The main topic for this thesis is privacy protected data mining. At the beginning a comprehensive analysis can be found about the current landscape in the field. There is detailed reasoning about the necessity of the topic, introduction to privacy both on the legal, social and information side. Measures of anonymity are presented in detail from multiple perspectives.
Naturally most currently used algorithms and methods are also included. First a thorough examination of the randomization methods, both perturbative and non-perturbative. These methods try to protect anonymity with data manipulation and query restrictions. Latter the secure multiparty computation algorithms and principles are presented. These methods are concerned with distributed data mining both on vertical and horizontal data in different settings and with different data problems.

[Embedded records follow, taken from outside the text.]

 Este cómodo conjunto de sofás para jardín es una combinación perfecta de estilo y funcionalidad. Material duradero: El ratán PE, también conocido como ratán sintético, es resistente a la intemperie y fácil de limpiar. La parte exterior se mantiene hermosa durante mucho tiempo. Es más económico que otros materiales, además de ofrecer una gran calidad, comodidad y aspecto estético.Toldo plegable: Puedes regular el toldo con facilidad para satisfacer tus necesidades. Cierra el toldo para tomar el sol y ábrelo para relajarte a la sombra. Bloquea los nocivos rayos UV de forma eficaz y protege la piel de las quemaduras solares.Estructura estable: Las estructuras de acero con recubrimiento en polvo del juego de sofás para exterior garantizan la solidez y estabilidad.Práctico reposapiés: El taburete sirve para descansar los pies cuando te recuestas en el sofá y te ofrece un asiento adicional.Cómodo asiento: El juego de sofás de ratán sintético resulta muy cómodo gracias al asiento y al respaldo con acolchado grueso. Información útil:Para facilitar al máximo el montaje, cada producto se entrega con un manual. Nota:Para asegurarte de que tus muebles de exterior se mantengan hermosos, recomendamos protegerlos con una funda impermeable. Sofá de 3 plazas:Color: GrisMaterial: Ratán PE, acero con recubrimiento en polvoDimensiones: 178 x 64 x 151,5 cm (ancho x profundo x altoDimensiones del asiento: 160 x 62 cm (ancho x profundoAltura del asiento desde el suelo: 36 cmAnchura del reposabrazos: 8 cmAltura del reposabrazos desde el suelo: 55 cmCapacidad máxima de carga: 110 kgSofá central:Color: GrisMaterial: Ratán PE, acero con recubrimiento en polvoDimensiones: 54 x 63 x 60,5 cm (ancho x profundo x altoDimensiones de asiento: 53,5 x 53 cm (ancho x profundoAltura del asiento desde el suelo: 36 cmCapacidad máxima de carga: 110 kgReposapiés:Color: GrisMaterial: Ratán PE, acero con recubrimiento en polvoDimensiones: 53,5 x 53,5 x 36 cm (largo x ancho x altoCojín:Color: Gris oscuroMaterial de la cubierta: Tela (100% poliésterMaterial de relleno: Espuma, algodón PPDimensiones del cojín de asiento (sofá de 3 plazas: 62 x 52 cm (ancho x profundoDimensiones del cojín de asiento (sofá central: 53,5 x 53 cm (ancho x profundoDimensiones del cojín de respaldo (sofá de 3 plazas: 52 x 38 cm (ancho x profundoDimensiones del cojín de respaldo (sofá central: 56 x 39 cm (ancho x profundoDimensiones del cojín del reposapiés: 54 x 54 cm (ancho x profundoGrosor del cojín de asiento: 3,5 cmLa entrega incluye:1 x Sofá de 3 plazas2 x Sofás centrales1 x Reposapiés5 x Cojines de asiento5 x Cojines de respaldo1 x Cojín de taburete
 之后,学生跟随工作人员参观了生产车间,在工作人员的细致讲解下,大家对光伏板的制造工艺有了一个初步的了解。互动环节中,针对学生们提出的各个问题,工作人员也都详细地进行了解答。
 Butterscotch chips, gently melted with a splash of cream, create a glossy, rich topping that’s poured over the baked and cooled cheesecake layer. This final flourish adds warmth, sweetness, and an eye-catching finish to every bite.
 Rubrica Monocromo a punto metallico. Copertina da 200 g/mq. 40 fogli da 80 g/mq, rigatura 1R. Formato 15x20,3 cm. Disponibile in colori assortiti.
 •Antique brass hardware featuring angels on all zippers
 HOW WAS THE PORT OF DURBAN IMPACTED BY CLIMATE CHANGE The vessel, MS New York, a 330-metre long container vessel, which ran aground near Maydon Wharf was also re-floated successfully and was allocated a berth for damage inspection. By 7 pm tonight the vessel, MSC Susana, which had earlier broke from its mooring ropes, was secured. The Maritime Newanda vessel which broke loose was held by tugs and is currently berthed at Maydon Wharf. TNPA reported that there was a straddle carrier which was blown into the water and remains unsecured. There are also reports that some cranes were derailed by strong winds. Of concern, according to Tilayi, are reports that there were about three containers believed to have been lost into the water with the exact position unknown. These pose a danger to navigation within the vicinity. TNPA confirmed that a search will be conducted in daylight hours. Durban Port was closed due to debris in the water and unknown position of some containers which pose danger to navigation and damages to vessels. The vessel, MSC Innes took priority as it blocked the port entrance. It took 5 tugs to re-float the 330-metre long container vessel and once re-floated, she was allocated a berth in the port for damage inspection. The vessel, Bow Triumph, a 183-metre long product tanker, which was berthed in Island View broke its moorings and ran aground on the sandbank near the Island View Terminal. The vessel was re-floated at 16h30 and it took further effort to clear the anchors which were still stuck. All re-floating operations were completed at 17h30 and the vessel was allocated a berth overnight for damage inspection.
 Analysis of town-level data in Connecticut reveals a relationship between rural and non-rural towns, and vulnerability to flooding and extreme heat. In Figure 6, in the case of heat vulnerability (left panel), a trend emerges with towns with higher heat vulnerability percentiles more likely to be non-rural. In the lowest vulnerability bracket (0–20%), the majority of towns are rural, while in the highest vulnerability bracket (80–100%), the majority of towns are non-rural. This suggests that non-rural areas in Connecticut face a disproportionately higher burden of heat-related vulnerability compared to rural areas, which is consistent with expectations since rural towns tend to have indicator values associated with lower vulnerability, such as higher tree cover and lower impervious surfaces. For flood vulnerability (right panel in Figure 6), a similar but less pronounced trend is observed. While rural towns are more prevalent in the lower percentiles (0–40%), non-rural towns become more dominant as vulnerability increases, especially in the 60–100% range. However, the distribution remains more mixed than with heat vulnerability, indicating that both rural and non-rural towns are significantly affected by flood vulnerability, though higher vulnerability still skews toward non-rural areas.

Practical tasks carried out and documented in the thesis are dual. The first part is the evaluation of different randomization techniques based on the level of anonymity reached and efficiency of the mining procedure. The measurements used, the methods implemented and the results of the tests can all be found in the document.
The second task was building an SMC data mining system with an SMC data mining algorithm that would be able to solve the task of classification in a horizontally distributed environment with multiple parties trying for a joint mining project. The test dataset, the testing method, and the results are all presented just as the specifications and implementations of both the algorithm and the SMC system. The SMC method in question is a new approach to the problem: Using K-means as managed learning algorithm for classification all with preserving high level anonymity and providing k-anonymity, k being a user parameter.
At the end of the thesis conclusions and results are presented.